Fahri adalah seorang mahasiswa Indonesia yang sedang berkuliah di Universitas Al Azhar dan sedang menunggu pengumuman untuk menulis tesis masternya. Sebelumnya, ia telah menyelesaikan gelar Lc atau Licence di universitas yang sama. Di Mesir ini, Fahri tinggal disebuah flat bersama 4 teman pelajar Indonesia lainnya. Keempat temannya itu masih menjalani program S1. Setelah membawa segala keperluannya selama dalam perjalanan yang lumayan jauh danmelelahkan, Fahri melangkahkan kaki keluar dari flatnya yang berada di lantai dua sebuah apartemen. Akan tetapi, sebelumnya ia akan salat zuhur dulu disebuah masjid dekat dengan tempat tinggalnya.  Baru saja ia berada diluar flat, terdengar suara seorang wanita berbisik memanggil namanya. Ia telah kenal betul suara itu. Suara itu milik Maria, anak tetangga yang flatnya berada tepat di atas flatmiliknya. Maria adalah anak dari Tuan Boutros Rafael Girgis. Mereka adalah sebuah keluarga Kristen Koptik yang dalam bahasa Mesirnya disebut qibthi. Walaupun mereka adalah keluarga Kristen, Fahri dan teman-teman yang tinggal dalam satu flat berteman akrab dengan mereka. Terlebih lagi, mereka sangat sopan dan menghormati Fahri dan teman-temannya sebagai mahasiswa Indonesia yang sedang menimba ilmu di AlAzhar. Maria memanggilnya karena ingin menitipkan sesuatu. Fahri pun menyanggupi dan melanjutkan langkahnya menuju masjid untuk salat zuhur, lalu berangkat tallaqi. Dalam pandangan Fahri, Maria adalah seorang gadis Mesir yang unik.

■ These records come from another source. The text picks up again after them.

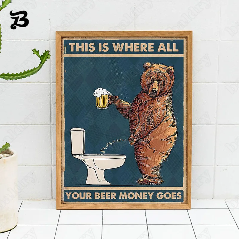 Постер забавное пиво домашнее украшение питьевой медведь винтажная Картина на холсте Настенная картина для рисования картины для ванной комнаты туалета Настенный декор
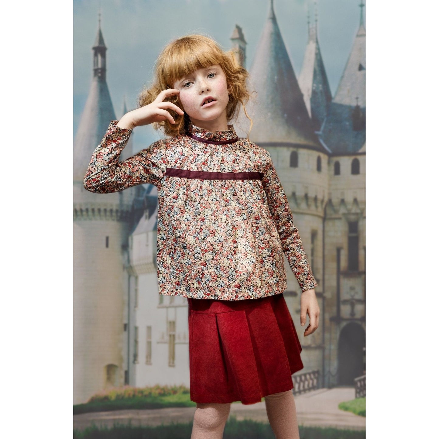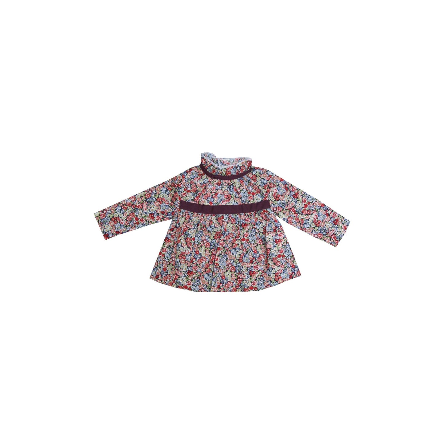 Liberty of London top with ruffled collar, French ribbon detail and back buttons.
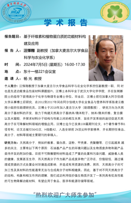 报告题目:基于纤维素和植物蛋白质的功能材料构建及应用
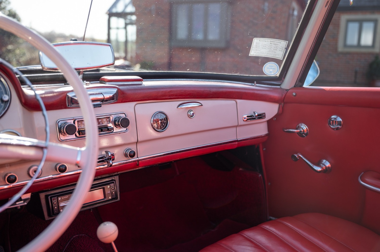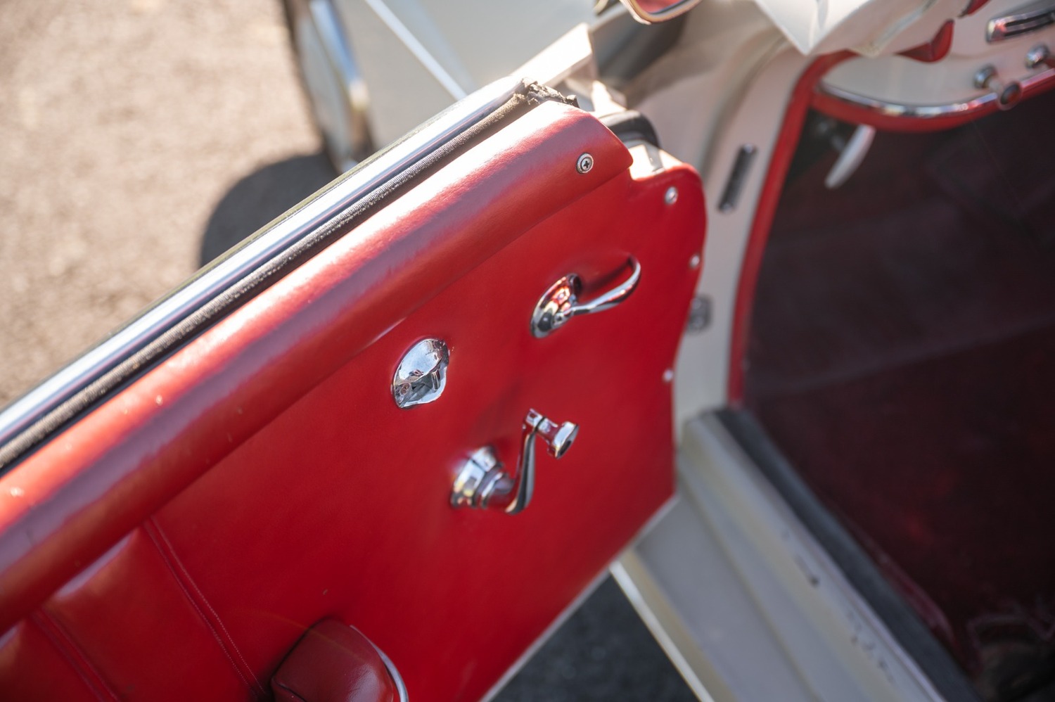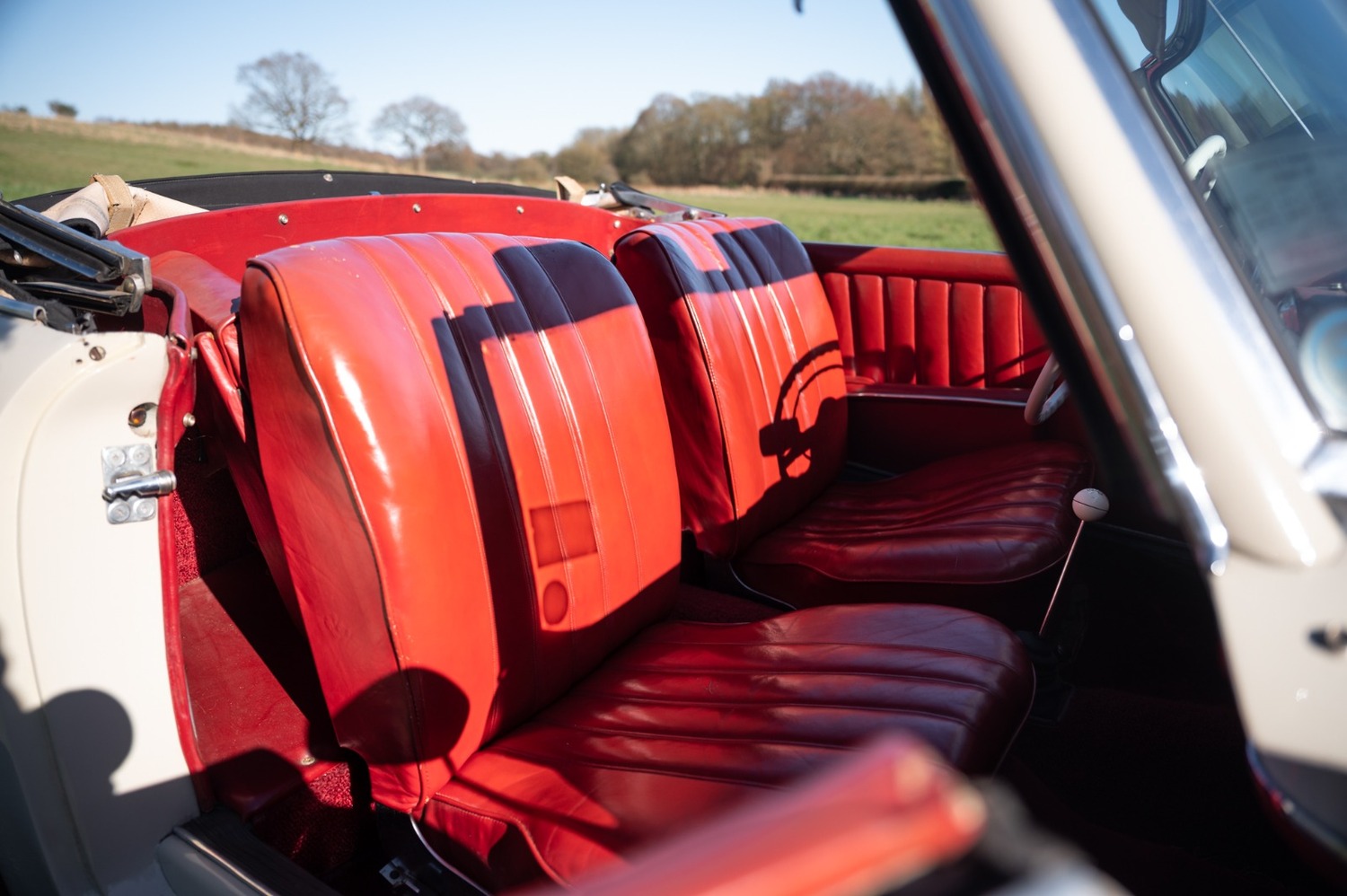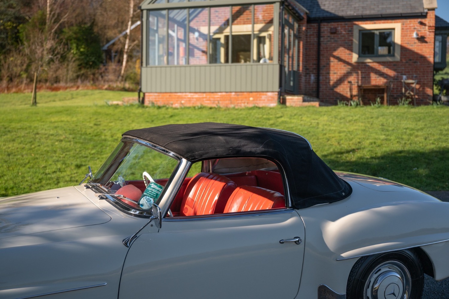 It is finished in cream with red leather interior.

Dengan menaiki metro, Fahri berharap ia akan sampai tepat waktu di Masjid Abu Bakar As-Shiddiq. Di metro itulah ia bertemu dengan Aisha. Aisha yang saat itu dicacimaki dan diumpat oleh orang-orang Mesir karena memberikan tempat duduknya pada seorang nenek berkewarganegaraan Amerika, ditolong oleh Fahri. Pertolongan tulus Fahri memberikan kesan yang berarti pada Aisha. Mereka pun berkenalan. Dan ternyata Aisha bukanlah gadis Mesir, melainkan gadis Jerman yang juga tengah menuntut ilmu di mesir.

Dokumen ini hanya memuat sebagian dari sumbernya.